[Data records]
»»

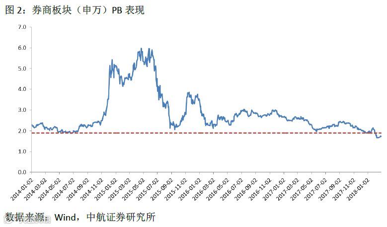今年年初以来截至2月28日,券商板块(申万)指数下跌5.15%,跌幅超过上证综指,在全部板块(申万)指数中间位居中下。证券行业2018年业绩增长前景不明朗是年初以来券商板块走势疲弱的重要诱因之一。今年以来,包括IPO发行速度放缓、股票质押回购业务全面收紧等政策面变化,对证券行业相关业务全年业绩表现带来一定隐忧。同时叠加大资管行业资管新规的预期影响,券商资产管理业务业绩增长面临较大压力。整体而言,截至2月底,证券行业全年业绩增长预期尚未表现出明显乐观迹象。反映到股价走势上,除了券商板块涨跌幅表现不佳外,板块PB倍数也突破历史底线,在2月份创造历史新低。
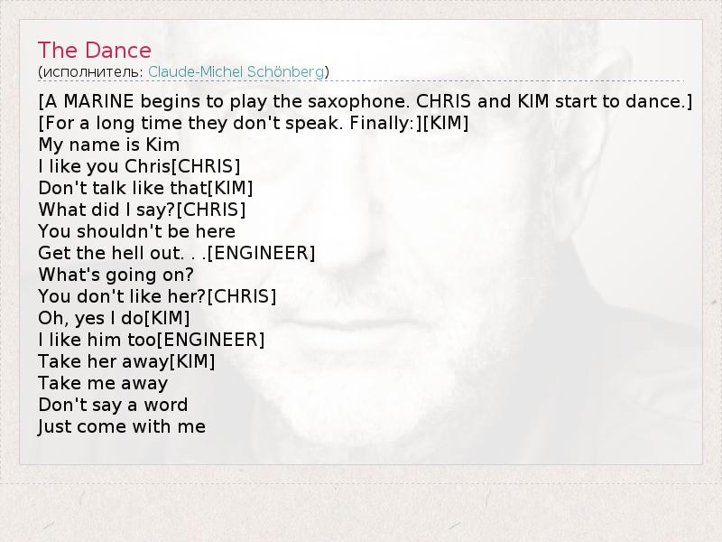 [A MARINE begins to play the saxophone. CHRIS and KIM start to dance.] [For a long time they don't speak. Finally:][KIM] My name is Kim I like you Chris[CHRIS] Don't talk like that[KIM] What did I say?[CHRIS] You shouldn't be here Get the hell out. . .[ENGINEER] What's going on? You don't like her?[CHRIS] Oh, yes I do[KIM] I like him too[ENGINEER] Take her away[KIM] Take me away Don't say a word Just come with me
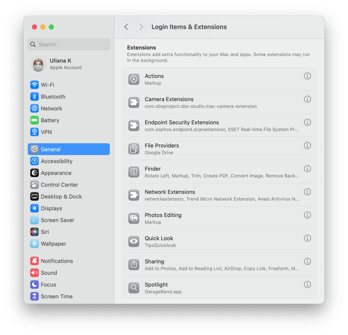 - Vá para o menu principal da Apple > Configurações do Sistema > Geral > Itens e Extensões de Login.
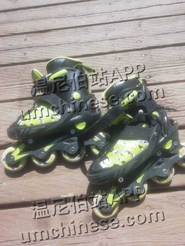 出两双儿童轮滑鞋,黄色鞋size:1--4号可调。绿色鞋size:3--6号可调。送安全帽,每双$20。burland自取,站内短信联系或电话联系:2044176289。
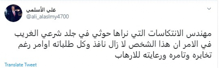 وقال في تغريدة عبر "تويتر" رصدها "المشهد العربي": "مهندس الانتكاسات التي نراها حوثي في جلد شرعي الغريب في الأمر أن هذا الشخص لا زال نافذا وكل طلباته أوامر رغم تخابره وتآمره ورعايته الإرهاب".
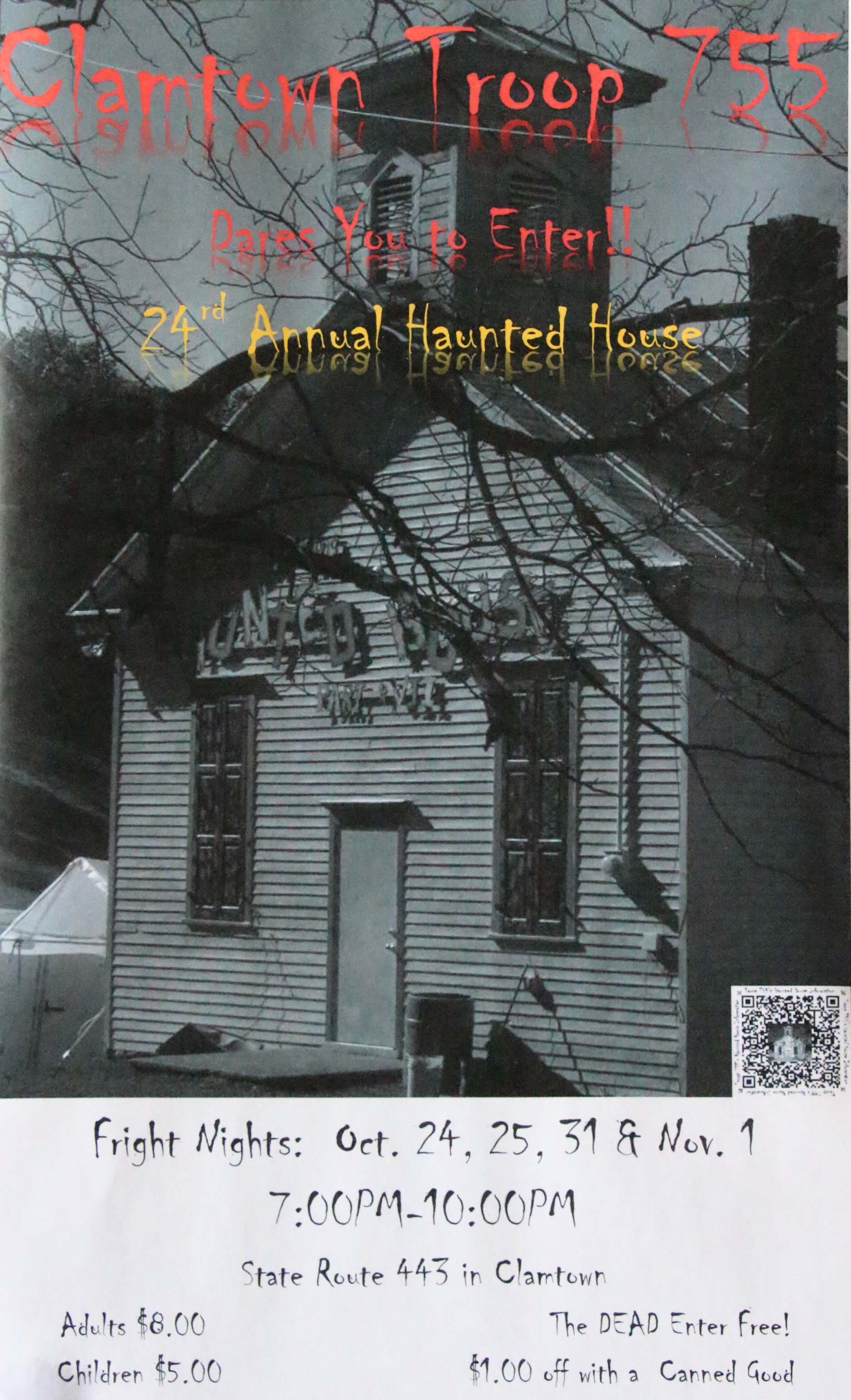 Scouts, troop leaders and volunteers with Boy Scout Troop 755 are holding their annual Clamtown Haunted School House on October 24, 25, 31, and November 1, 2014 from 7 PM to 10 PM.
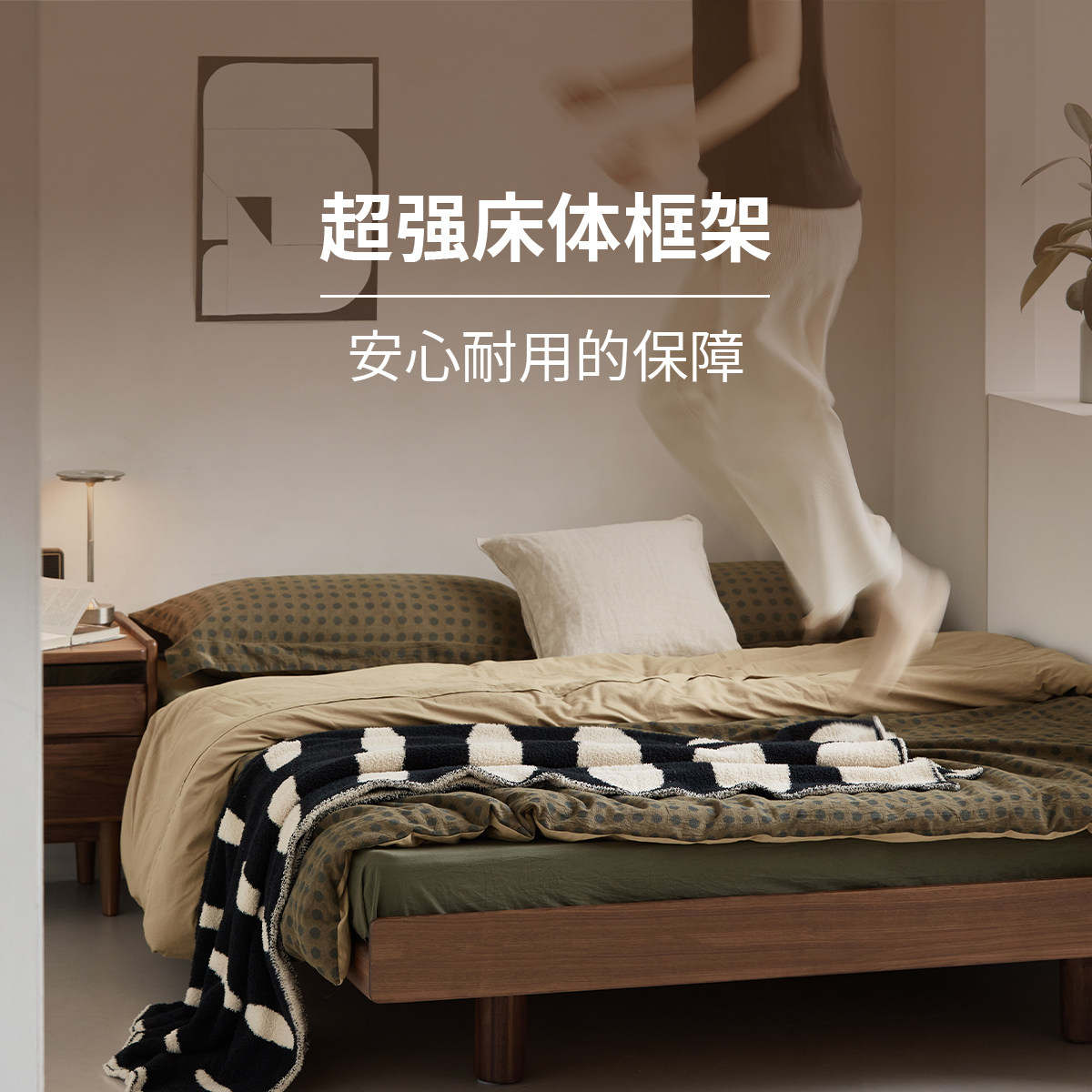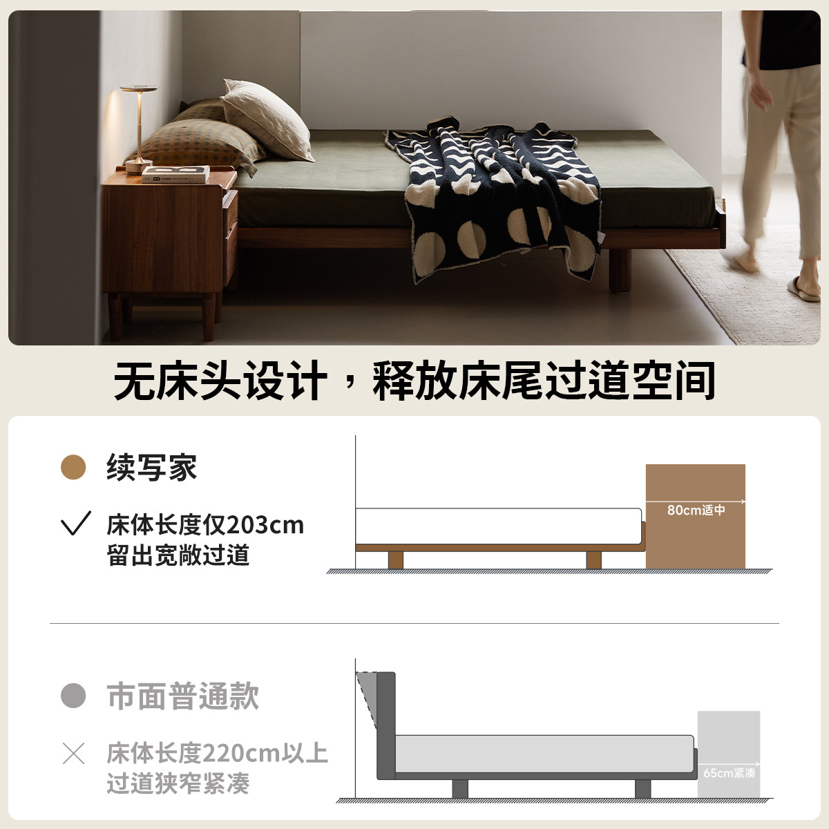 📚 出乎生活平川齐边床榻榻米实木床齐边北美黑胡桃木小户型悬浮床
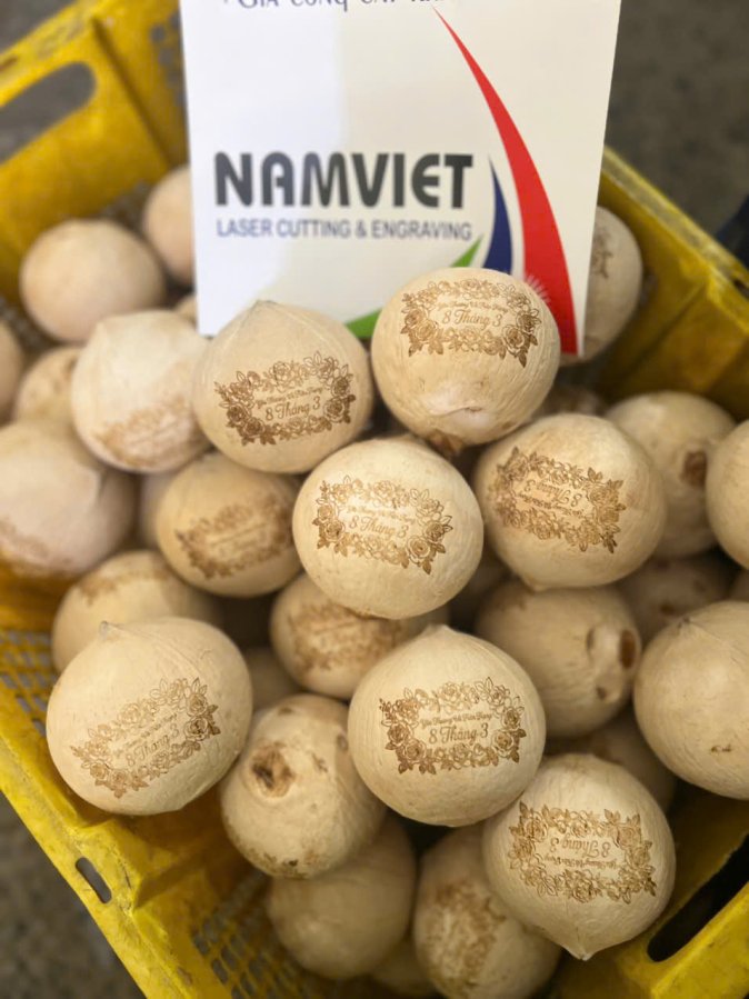 Những trái dừa tưởng chừng quen thuộc nay trở nên đặc biệt hơn khi được khắc laser tinh xảo. Logo, tên sự kiện, ngày kỷ niệm hay lời chúc đều có thể khắc trực tiếp lên vỏ dừa một cách sắc nét – tự nhiên – ấn tượng.
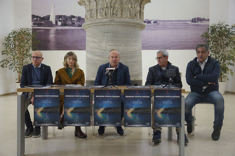 BRINDISI – È stata presentata questa mattina nella sala del Capitello di Palazzo Granafei-Nervegna “Brindisi Porto Natale”, la rassegna dedicata al tema della pace e del dialogo tra i popoli organizzata dal Comune di Brindisi e dalla Fondazione Nuovo Teatro Verdi, con la partecipazione del Distretto Urbano del Commercio di Brindisi “Brundisium”. L’incontro si è svolto alla presenza del sindaco di Brindisi, Riccardo Rossi, dell’assessore al Turismo, Emma Taveri, dell’assessore alle Attività Produttive, Massimo Vitale, del presidente del Duc, Oreste Pinto, e del direttore artistico del Nuovo Teatro Verdi, Carmelo Grassi.
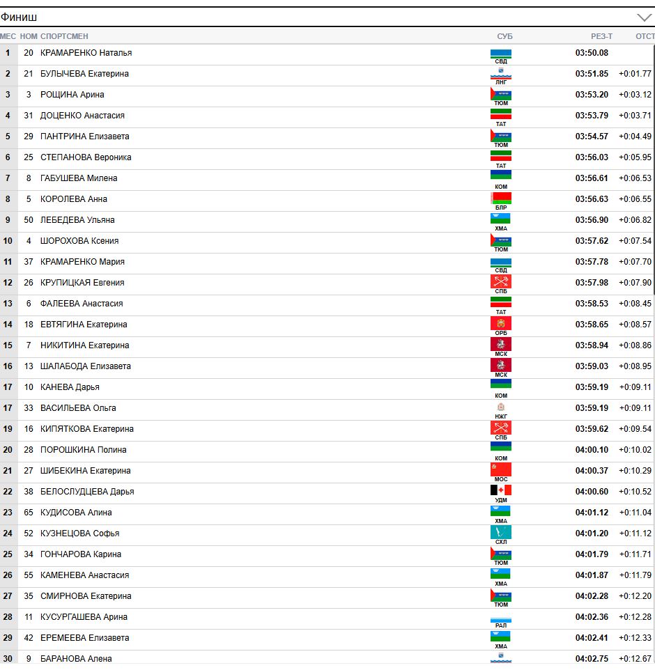Булычева в лидерах и уже оторвалась, за ней идут Лебедева и Крупицкая.
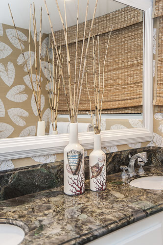 The dark red wallpaper had to go. We replaced it with a textural grass cloth wall covering and redesigned the shower to create a tropical look.
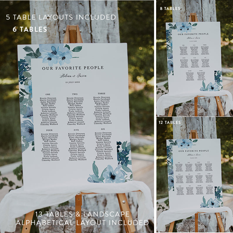 - Seating Chart - 18x24" & 24x36" (5 layouts & alphabetical landscape version included)

««

Would you set down only the lines above from the line with "وقال في تغريدة" to the line with "Những trái dừa", both included, exactly as they stand and without the pictures?

 وقال في تغريدة عبر "تويتر" رصدها "المشهد العربي": "مهندس الانتكاسات التي نراها حوثي في جلد شرعي الغريب في الأمر أن هذا الشخص لا زال نافذا وكل طلباته أوامر رغم تخابره وتآمره ورعايته الإرهاب".
 Scouts, troop leaders and volunteers with Boy Scout Troop 755 are holding their annual Clamtown Haunted School House on October 24, 25, 31, and November 1, 2014 from 7 PM to 10 PM.
 📚 出乎生活平川齐边床榻榻米实木床齐边北美黑胡桃木小户型悬浮床
 Những trái dừa tưởng chừng quen thuộc nay trở nên đặc biệt hơn khi được khắc laser tinh xảo. Logo, tên sự kiện, ngày kỷ niệm hay lời chúc đều có thể khắc trực tiếp lên vỏ dừa một cách sắc nét – tự nhiên – ấn tượng.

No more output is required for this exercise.